=== Entries supplied ===
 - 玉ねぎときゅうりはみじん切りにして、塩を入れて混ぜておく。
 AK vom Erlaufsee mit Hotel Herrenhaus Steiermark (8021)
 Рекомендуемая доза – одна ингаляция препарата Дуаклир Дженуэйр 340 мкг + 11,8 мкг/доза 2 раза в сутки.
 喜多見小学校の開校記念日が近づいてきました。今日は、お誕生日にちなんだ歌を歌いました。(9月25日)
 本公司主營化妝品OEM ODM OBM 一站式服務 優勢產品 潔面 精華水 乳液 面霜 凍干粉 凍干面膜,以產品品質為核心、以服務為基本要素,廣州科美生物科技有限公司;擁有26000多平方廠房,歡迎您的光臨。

==

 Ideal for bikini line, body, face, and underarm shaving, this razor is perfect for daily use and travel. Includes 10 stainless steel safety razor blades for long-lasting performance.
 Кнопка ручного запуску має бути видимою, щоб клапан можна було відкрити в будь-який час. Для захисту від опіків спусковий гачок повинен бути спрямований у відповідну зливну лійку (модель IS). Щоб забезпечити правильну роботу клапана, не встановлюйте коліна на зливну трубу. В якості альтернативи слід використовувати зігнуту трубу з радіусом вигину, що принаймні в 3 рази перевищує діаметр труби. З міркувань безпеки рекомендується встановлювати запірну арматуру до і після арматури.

* * *

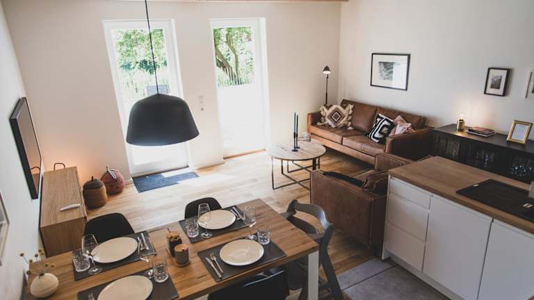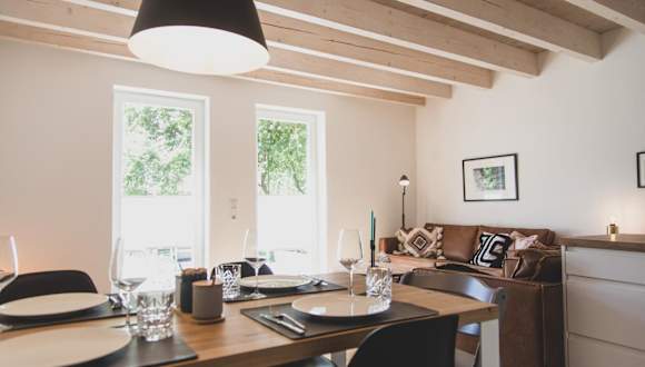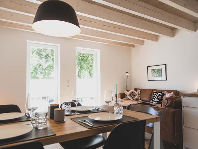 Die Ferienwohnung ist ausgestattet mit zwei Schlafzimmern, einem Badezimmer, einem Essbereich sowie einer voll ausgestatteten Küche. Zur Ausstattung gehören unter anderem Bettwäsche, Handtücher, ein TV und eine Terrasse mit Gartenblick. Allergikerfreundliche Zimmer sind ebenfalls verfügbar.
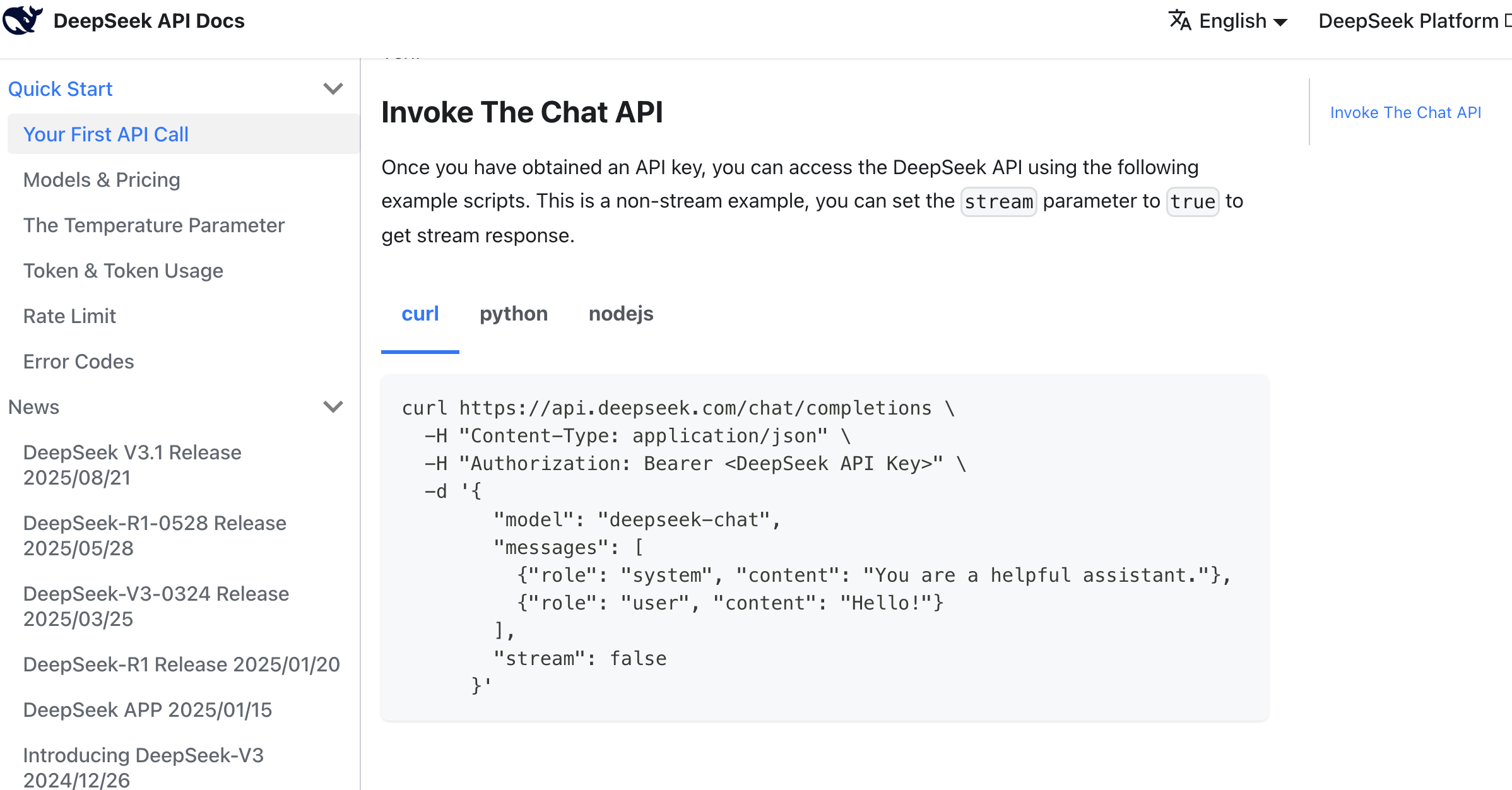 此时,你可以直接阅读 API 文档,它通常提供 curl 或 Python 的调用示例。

=== Exercise aim ===
Would you output only the span of the records above that opens with the line containing "Die Ferienwohnung ist" and closes with the line containing "此时,你可以直接阅读 API 文档,它通常提供 curl 或 Python 的调用示例。", ends included and pictures dropped?

=== Expected answer ===
 Die Ferienwohnung ist ausgestattet mit zwei Schlafzimmern, einem Badezimmer, einem Essbereich sowie einer voll ausgestatteten Küche. Zur Ausstattung gehören unter anderem Bettwäsche, Handtücher, ein TV und eine Terrasse mit Gartenblick. Allergikerfreundliche Zimmer sind ebenfalls verfügbar.
 此时,你可以直接阅读 API 文档,它通常提供 curl 或 Python 的调用示例。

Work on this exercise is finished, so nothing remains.